In fact (*) aggregates solutions to all possible versions of (**). By going from (**) to (*) and solving the sole latter, you lose the information what $\alpha$ is.
So where is a similar parameter in your case, since you divide your original equations? Here:
$$ \begin{cases} \sqrt{x^2+y^2}\cdot \left(x-5\right)=\left(6x+y\right)\cdot\beta \\ \sqrt{x^2+y^2}\cdot \left(y-1\right)=\left(6y-x-2\right)\cdot\beta \\ \beta\neq0 \end{cases} \tag{***} $$
It leads to the circle you got but the circle doesn't depend on $\beta$. I haven't investigated if every single point of the circle solves (***) for some value of $\beta$ but it seems to me that every solution of (***) for any possible $\beta$ belongs to the circle.
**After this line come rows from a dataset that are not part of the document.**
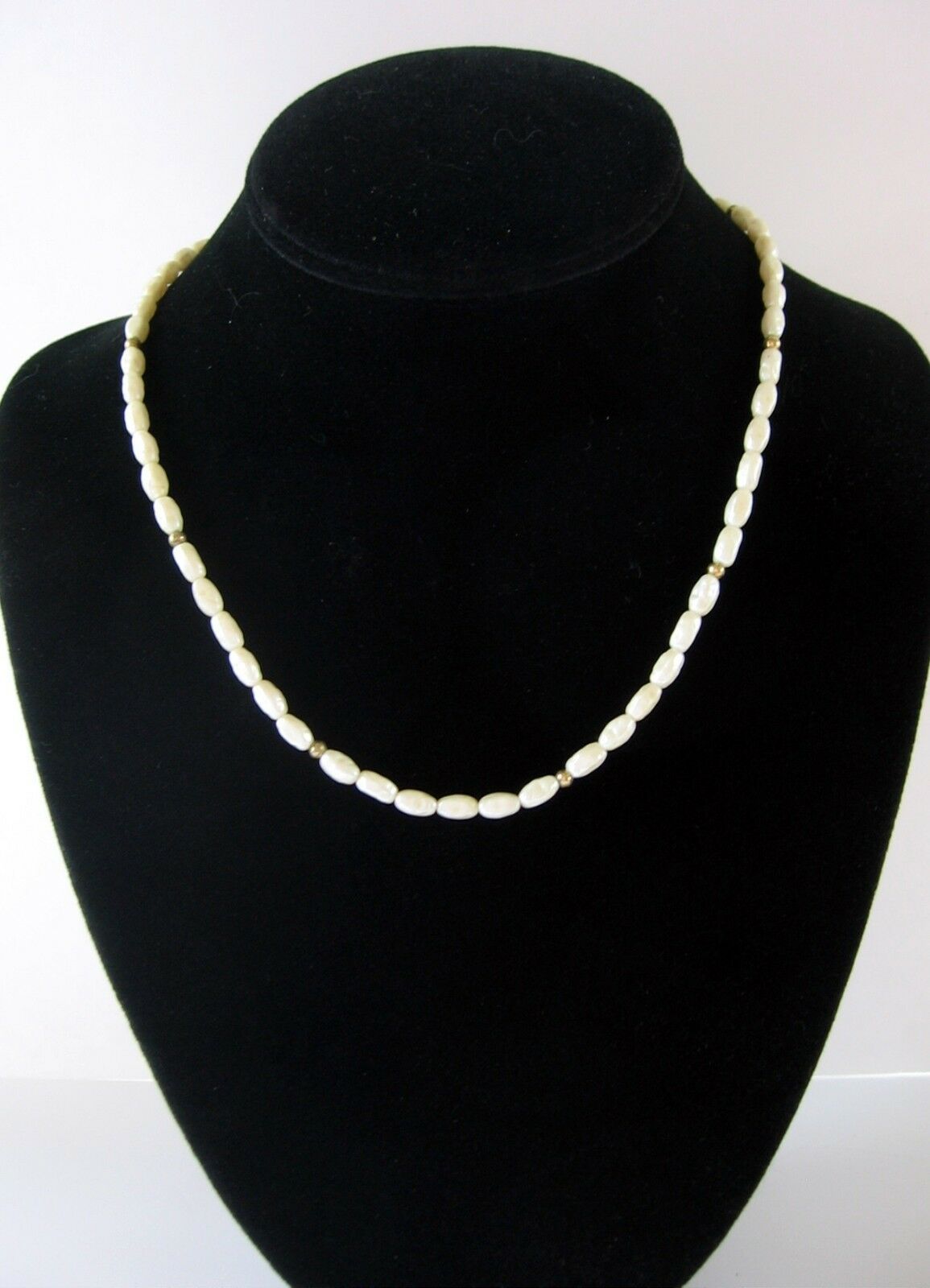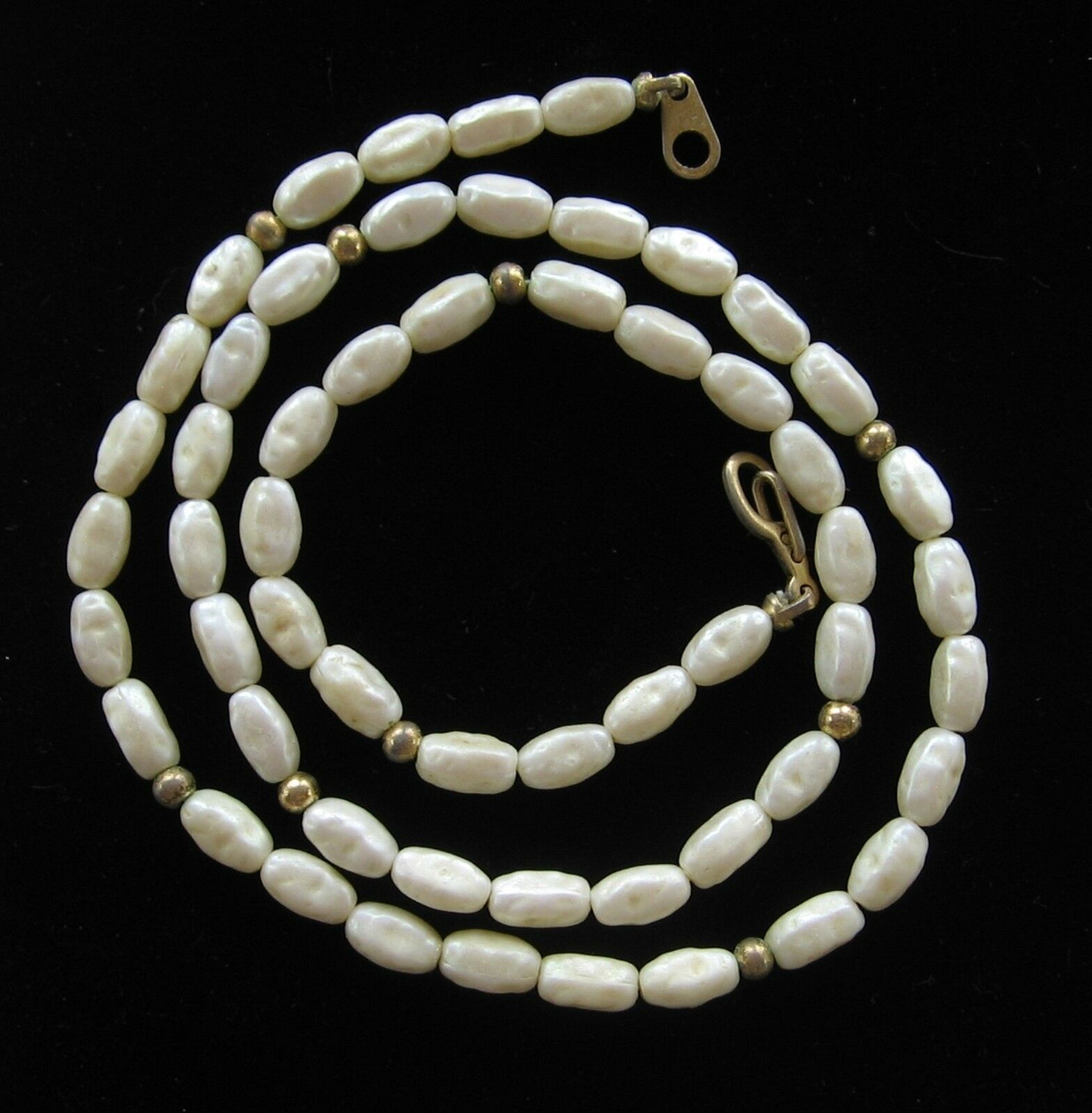 NECKLACE Vintage Fresh Water FAUX PEARLS Imitation Choker Goldtone 18" Glass
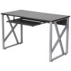 Rectangular Writing Table Office Desk with Clear Tempered Glass Surface
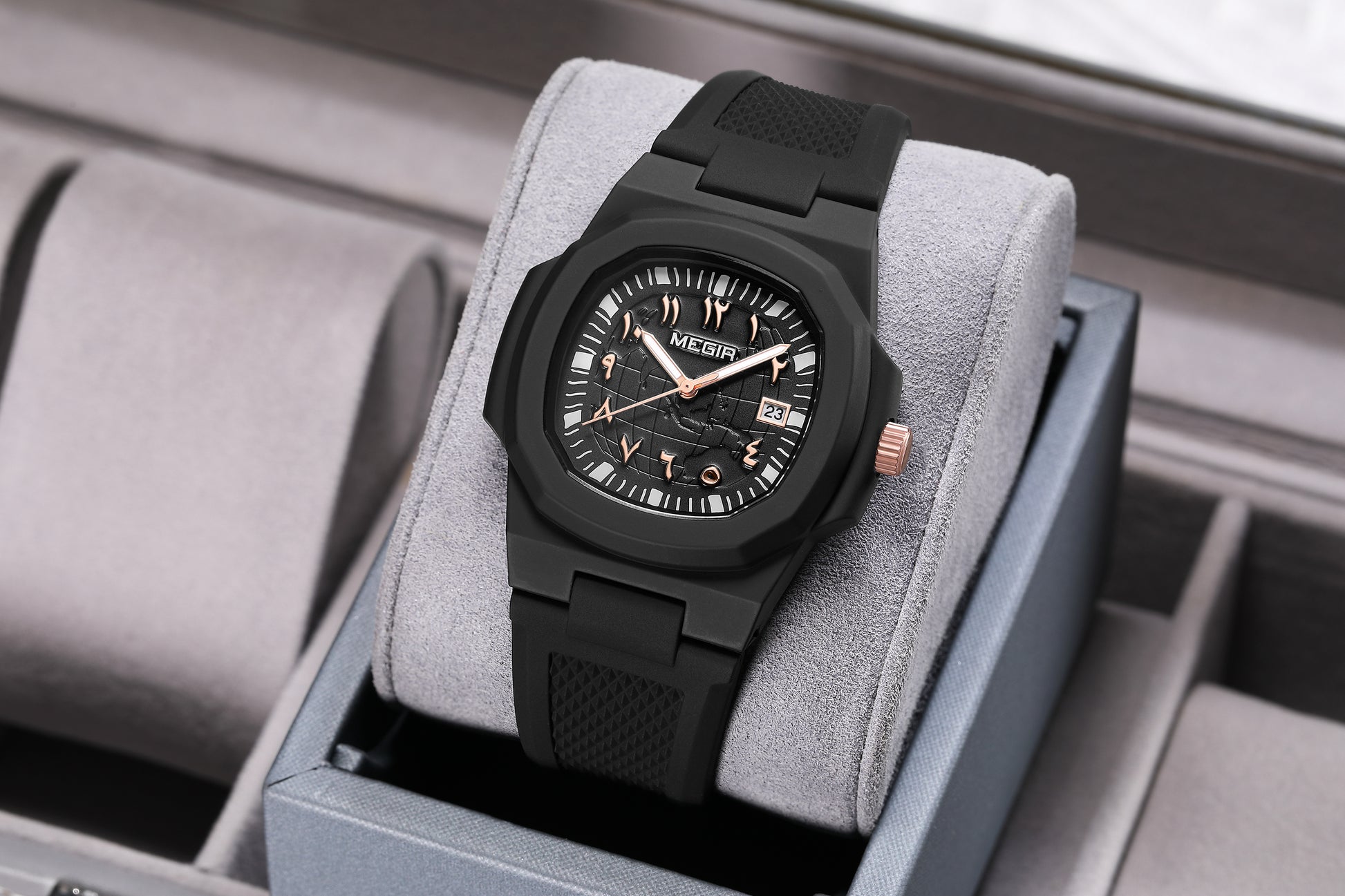 MEGIR 43MM Irregular Dial Men Watches Quartz Waterproof Sport Casual Wristwatch Clock Date Gifts for Man Reloj Hombre 8119
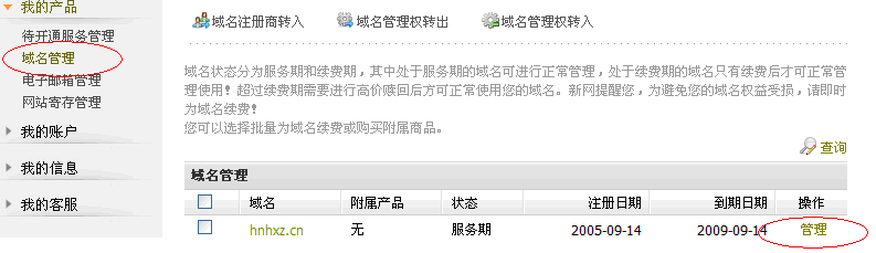 1)登陸會(huì)員區(qū),左邊我的產(chǎn)品,域名管理,選域名后面的管理
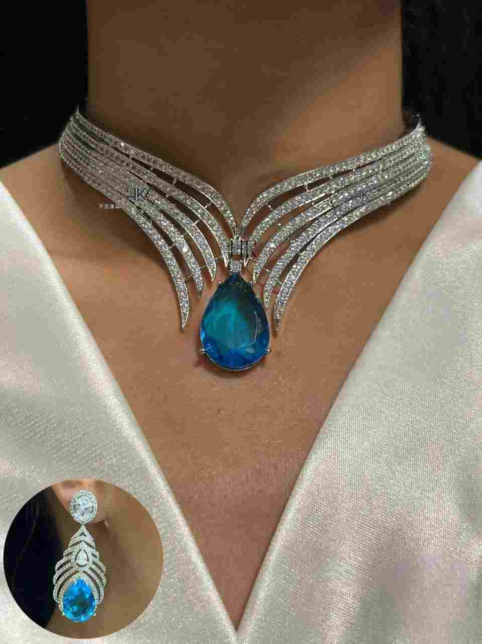 Make an unforgettable statement with this exquisite and modern choker necklace and matching earring set. The choker features a dazzling winged design, meticulously adorned with brilliant diamond-like cubic zirconia stones set in a rhodium-plated finish, ensuring maximum sparkle. A magnificent, deep blue pear-cut gemstone, resembling a Swiss or London Blue Topaz, dangles gracefully as the central focal point of the necklace. The accompanying dangle earrings elegantly mirror the winged motif and showcase a matching vibrant blue pear drop, completing this sophisticated and luxurious ensemble. Perfect for glamorous evening events, galas, and any occasion demanding a show-stopping accessory.
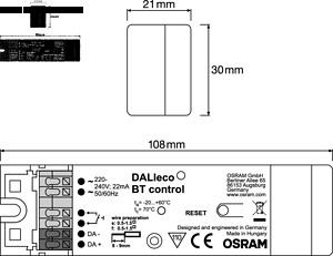 DALI-Steuergerät Bluetooth für Hohlraum-/Leuchteneinbau. Bluetooth Steuergerät für tageslicht- und präsenzabhängiges Regeln von bis zu 32 DALI-Teilnehmer DT6 und DT8, Anschluss bis zu 4 Sensoren und Tasterkoppler, diverse veränderbare Funktionsmodi, Konfiguration und Bedienung über iOS oder Android App Osram BT Control, Gehäuse für den Einbau in Hohlräume wie abgehängte Decken oder eventuell auch in Leuchtengehäusen vorgesehen.
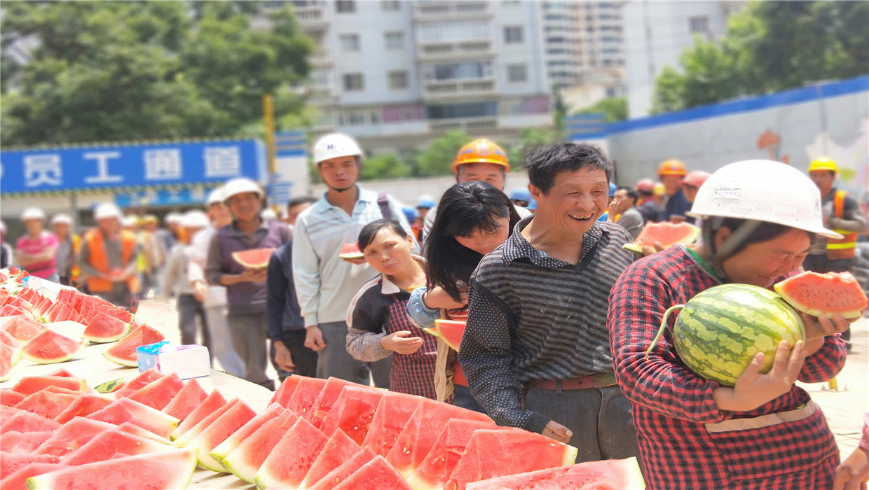 炎熱的夏天,美味爽口的西瓜凝聚著中天人的愛,為辛勤的勞動者送上夏日的清涼
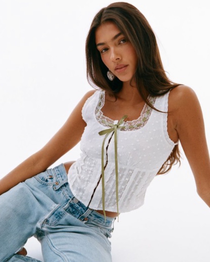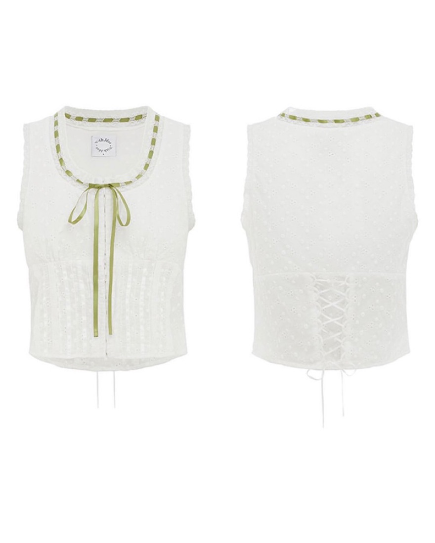 Classic white top with green accent ribbon
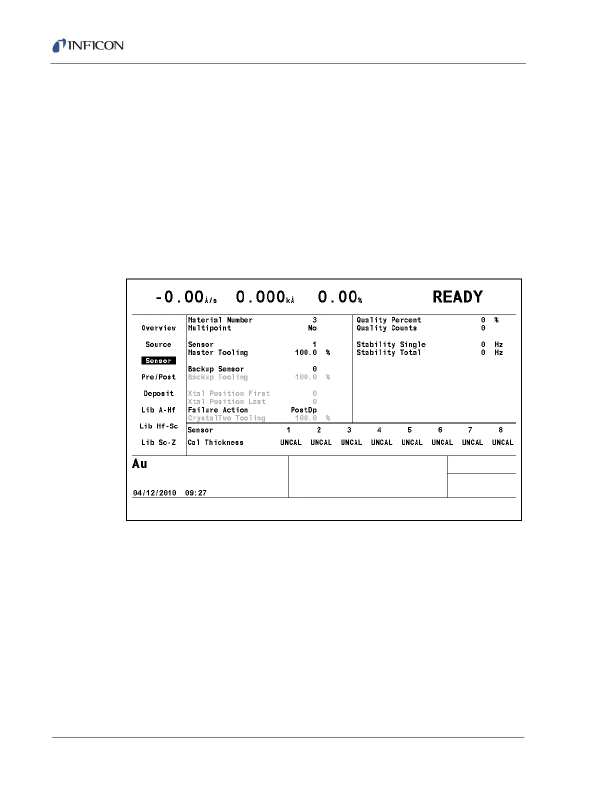 Figure 3-13 Material sensor page
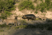 For example, on day 2, we found lions watching a pod of hippos lazing around in a small river. The hippos could see the lions on the riverbank but knew they were safe - as long as they stayed in the water. So, what happened next was very strange: a hippo left the river and ambled around in full view of the lions. Immediately, a sub-adult male lion began to stalk it and was quickly joined by a young lioness. Two more lions were watching with interest. The young male lion leapt on the hippo's back and the lioness grabbed its hindquarters. They lacked the experience of mature lions but the hippo was in real trouble. Somehow it managed to break free from its attackers and ran in panic back to the river where it launched itself from the riverbank and hit the water with a spectacular belly-flop, causing a massive local tsunami.
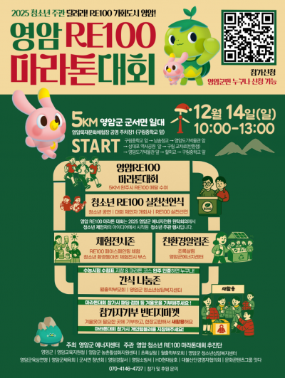 안녕하세요! 영암군에너지센터입니다 12월 14일 10:00~13:00까지 영암 RE100마라톤대회가 개최됩니다!누구나 참여 가능합니다! 다양한 부대 행사도 마련되어있으니많은 참여 부탁 드려요!사진 클릭하시거나 하단링크눌러주시면 참가신청으로 진행됩니다!
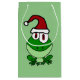 Adorable sitting frog in Santa hat Christmas original art gift bag. Can also add custom text and change background colour when ordering.
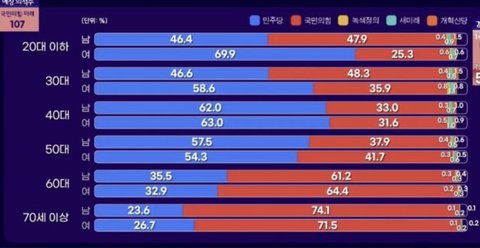 솔직히 한 인간이 가지고 있는 모든 사상,경제관,철학,세상을 바라보는 시각 등 모든게 축약된게 정치관이라고 생각하거든? 근데 그 정치관에서 같은 시기에 같은 교육 받고 같은 시대정신 가지고 살아온 세대가 남녀라는 이유로 저렇게 다른거 봐 ㅋㅋㅋ 그냥 공유하는 가치관,사상 자체가 다른건데 어떻게 호감이 생기고 연애를 하고 결혼을 하겠어ㅋㅋㅋ나부터도 어떤남자가 정치관 들어냈을때 그냥 내 머리속의 데이터베이스 작동되어서 아....어떤 사람인지 알겠다 ㅎ

The circle aggregates solutions to different systems of equations.
Taking a single point that belongs to the circle, you don't know if it solves (***) for $\beta=1$ (which is your case) until you confront it with something that specifies $\beta=1$ somehow. It may be any of your two original equations, they implicitly set $\beta=1$.
Others already gave you the answer on how to solve it, this is an additional remark. Observe the following: Suppose we have the folowing equation, it has a solution set associated (shown on the right):
$$x=\pi \tag*{$S_1=\{\pi\}$}$$
Now what happens when we square both sides?
$$x^2=\pi^2 \tag*{$S_2=\{\pi,-\pi\}$}$$
What if we take the first equation and apply the sine function in both sides?
$$\sin(x)=\sin(\pi)=0 \tag*{$S_3=\{\pi n : n\in \Bbb{Z}\}$}$$
So, applying a function to both sides of the equation can mess up the solutions and come up with more or less solutions: There are $2$ solutions for $S_2$, but infinite solutions for $S_3$. Observe that $3\pi$ won't be a solution to the first equation, nor to the second. You should try "keep track" of the solution set as you transform the equations.